Heart failure treatment, how to use diuretics

  Heart failure, referred to as heart failure, is a group of clinical syndromes caused by any abnormalities in the structure or function of the heart that cause ventricular filling and/or impaired ejection ability. The main clinical manifestations are dyspnea, fatigue and fluid retention. Diuretics are the most commonly used drugs for the treatment of heart failure. By increasing the excretion of water and sodium, reducing the patient’s heart volume load, alleviating the symptoms of congestion, and reducing edema, it is the cornerstone of heart failure treatment. Commonly used diuretics include thiazides, loop diuretics, potassium-sparing diuretics, etc. Scientific and rational use can effectively improve the quality of life of patients.

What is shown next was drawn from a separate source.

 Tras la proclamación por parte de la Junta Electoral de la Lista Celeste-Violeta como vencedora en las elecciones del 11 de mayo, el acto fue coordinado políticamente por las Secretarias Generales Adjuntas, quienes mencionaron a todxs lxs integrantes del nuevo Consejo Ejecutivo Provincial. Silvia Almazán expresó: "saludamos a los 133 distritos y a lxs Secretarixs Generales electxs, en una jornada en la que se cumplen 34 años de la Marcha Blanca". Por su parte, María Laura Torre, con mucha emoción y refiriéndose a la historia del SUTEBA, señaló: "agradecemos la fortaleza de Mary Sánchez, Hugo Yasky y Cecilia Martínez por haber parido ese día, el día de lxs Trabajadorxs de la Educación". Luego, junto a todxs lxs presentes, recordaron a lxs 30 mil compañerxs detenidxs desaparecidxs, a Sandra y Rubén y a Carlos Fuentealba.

  Here is a brief introduction to these types of drugs.
  Loop diuretics are suitable for most patients with heart failure, especially for patients with significant fluid retention or impaired renal function, including furosemide, torasemide, and bumetanide. 40mg furosemide, 10mg torsemide and 1mg bumetanide have similar diuretic effects. The most commonly used clinical diuretic is furosemide, and its dose has a linear relationship with its effect; because torsemide and bumetanide have higher oral bioavailability, they have better diuretic effects for some patients.

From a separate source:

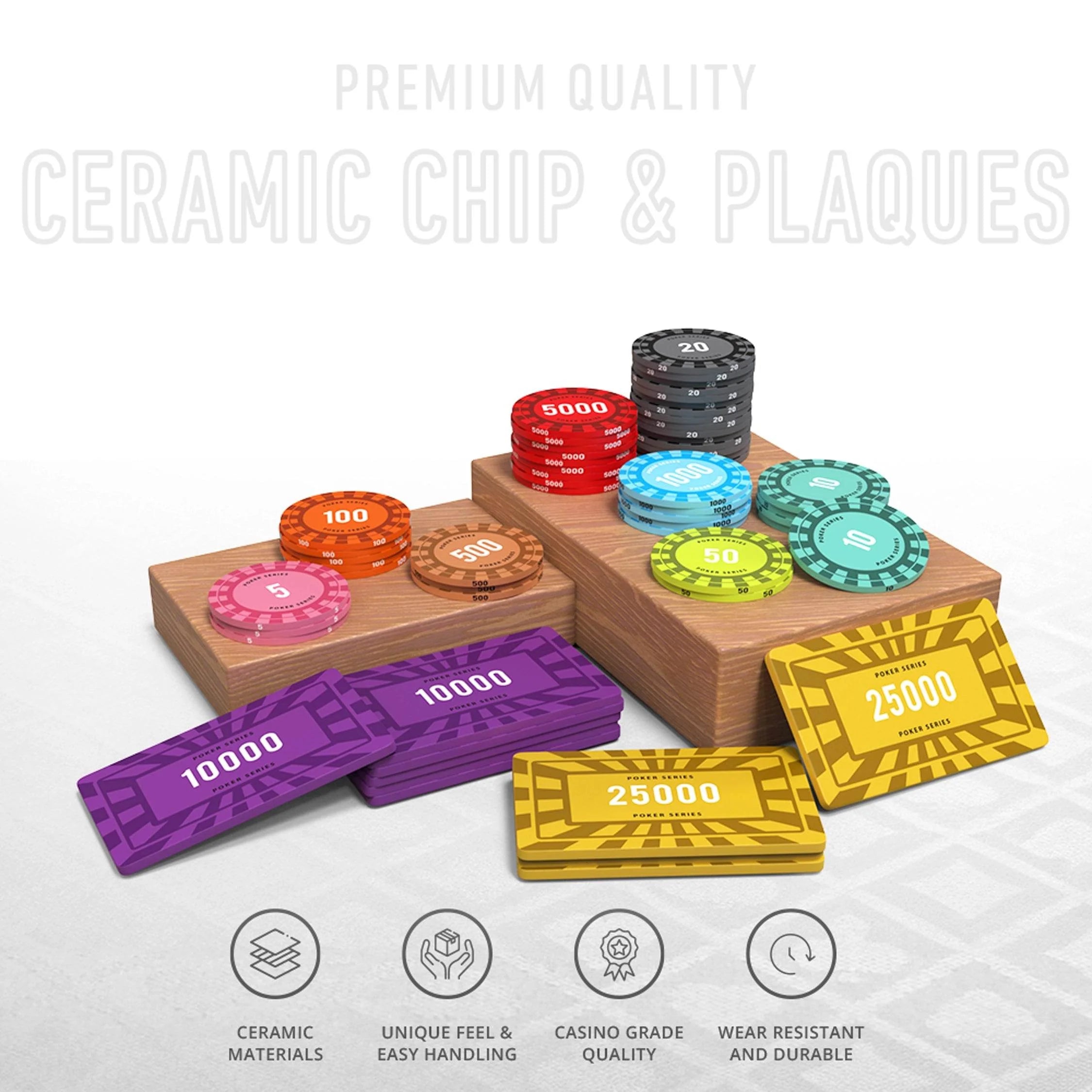 Plaque Denominations: 10000 and 25000 to accommodate various betting levels.

  Thiazides are less effective than loop diuretics and are only suitable for patients with heart failure with mild fluid retention, hypertension and normal renal function. It mainly contains benzflurothiazide, hydrochlorothiazide, and metolazone. In patients with impaired renal function, the effect of thiazide diuretics is weakened and is not recommended, but in patients with refractory edema (the daily dosage of furosemide exceeds 80 mg), thiazide diuretics can be combined with loop diuretics.
  The main role of potassium-sparing diuretics is to promote the excretion of sodium ions and water, while potassium ions are not excreted. The commonly used potassium-sparing diuretics in clinic are spironolactone and triamterene. Currently, spironolactone is widely used, and it is mostly used for diuretic treatment of combined hypokalemia. Potassium-sparing diuretics have relatively weak diuretic effects and are generally used together with hydrochlorothiazide, a thiazide diuretic, to maintain the balance of potassium ions in the body. When applying potassium-sparing diuretics, attention should be paid to recheck blood biochemistry and the changes of potassium ions. In addition, patients with hyperkalemia should be disabled and those with renal insufficiency should be used with caution.

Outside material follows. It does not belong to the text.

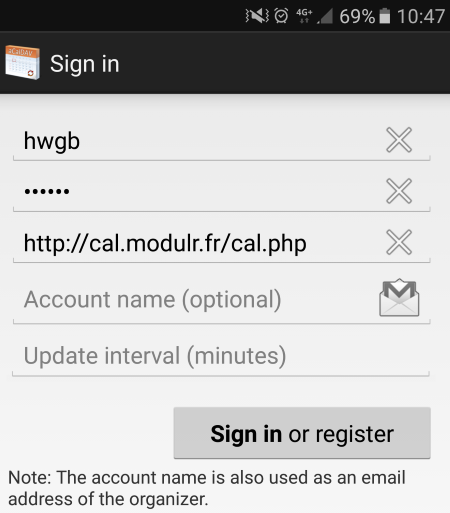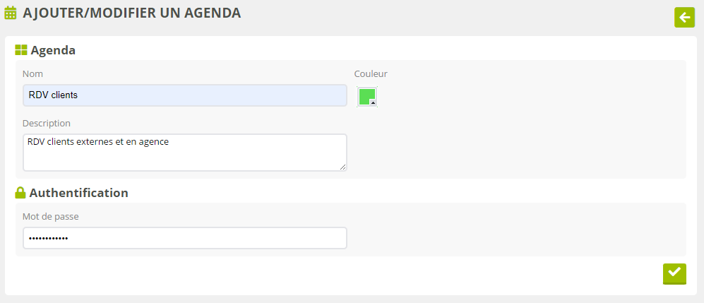 Un mot de passe qui sera utilisé pour synchroniser votre agenda avec votre smartphone.

  In addition, tolvaptan is currently recommended for patients with congestive heart failure, poor efficacy of conventional diuretics, hyponatremia, or a tendency to impair renal function. This medicine can be used in combination with loop diuretics and has a synergistic diuretic effect.
  In addition to drug treatment, patients with heart failure should also pay attention to their lives. Studies have shown that about 30% of patients with heart failure will be hospitalized again within 2 to 3 months of discharge, and about 70% of patients will be hospitalized again within 1 year of discharge. So, what should patients with heart failure do in their lives? For details, please refer to the following-
  diet: low-salt, low-fat, easy-to-digest diet, small and frequent meals, each meal should not be oversatisfied, eat more fresh fruits and vegetables. Choose foods rich in high-quality protein, such as milk, lean meat, and freshwater fish. For patients with acute heart failure and volume overload, the sodium intake is less than 2 grams per day. Limit foods with high sodium content such as: pickled or smoked products, sausages, canned food, seafood, soda crackers, etc. Pay attention to cooking skills. Use sugar, sugar substitutes, vinegar and other condiments to increase appetite.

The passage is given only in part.